1,2,4 triazolo[1,5-a] pyrimidin-7-ones as novel SARS-CoV-2 Main protease inhibitors: In silico screening and molecular dynamics simulation of potential COVID-19 drug candidates
Journal: 2020/October - Biophysical Chemistry
Abstract:
Discovery of a potent SARS-CoV-2 main protease (Mpro) inhibitor is the need of the hour to combat COVID-19. A total of 1000 protease-inhibitor-like compounds available in the ZINC database were screened by molecular docking with SARS-CoV-2 Mpro and the top 2 lead compounds based on binding affinity were found to be 1,2,4 triazolo[1,5-a] pyrimidin-7-one compounds. We report these two compounds (ZINC000621278586 and ZINC000621285995) as potent SARS-CoV-2 Mpro inhibitors with high affinity (<-9 kCal/mol) and less toxicity than Lopinavir and Nelfinavir positive controls. Both the lead compounds effectively interacted with the crucial active site amino acid residues His41, Cys145 and Glu166. The lead compounds satisfied all of the druglikeness rules and devoid of toxicity or mutagenicity. Molecular dynamics simulations showed that both lead 1 and lead 2 formed stable complexes with SARS-CoV-2 Mpro as evidenced by the highly stable root mean square deviation (<0.23 nm), root mean square fluctuations (0.12 nm) and radius of gyration (2.2 nm) values.
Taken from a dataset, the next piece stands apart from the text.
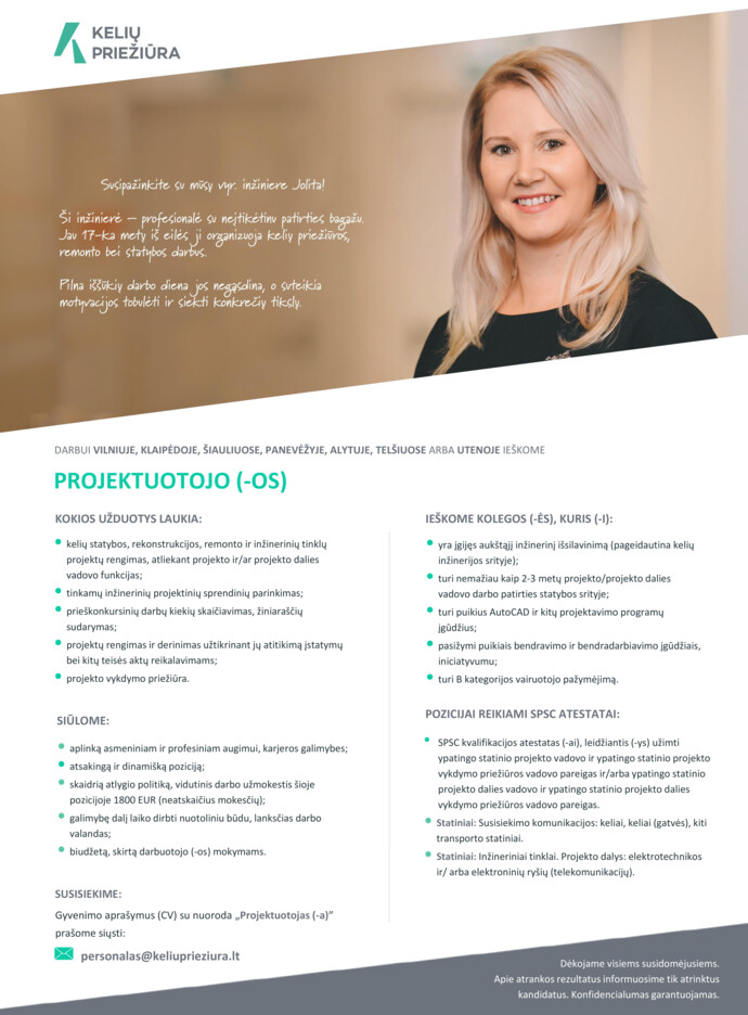 Vacancy Projektuotojas A Panevėzys Panevėzio Rajonas Ab Kelių Prieziura Cv Online

Molecular mechanics Poisson-Boltzmann surface area calculation revealed thermodynamically stable binding energies of -129.266 ± 2.428 kJ/mol and - 116.478 ± 3.502 kJ/mol for lead1 and lead2 with SARS-CoV-2 Mpro, respectively.
Keywords: 1,2,4 triazolo[1,5-a] pyrimidin-7-one; COVID-19; Molecular docking; Molecular dynamics simulation; Novel antiviral compound; SARS-CoV-2 Main protease inhibitor.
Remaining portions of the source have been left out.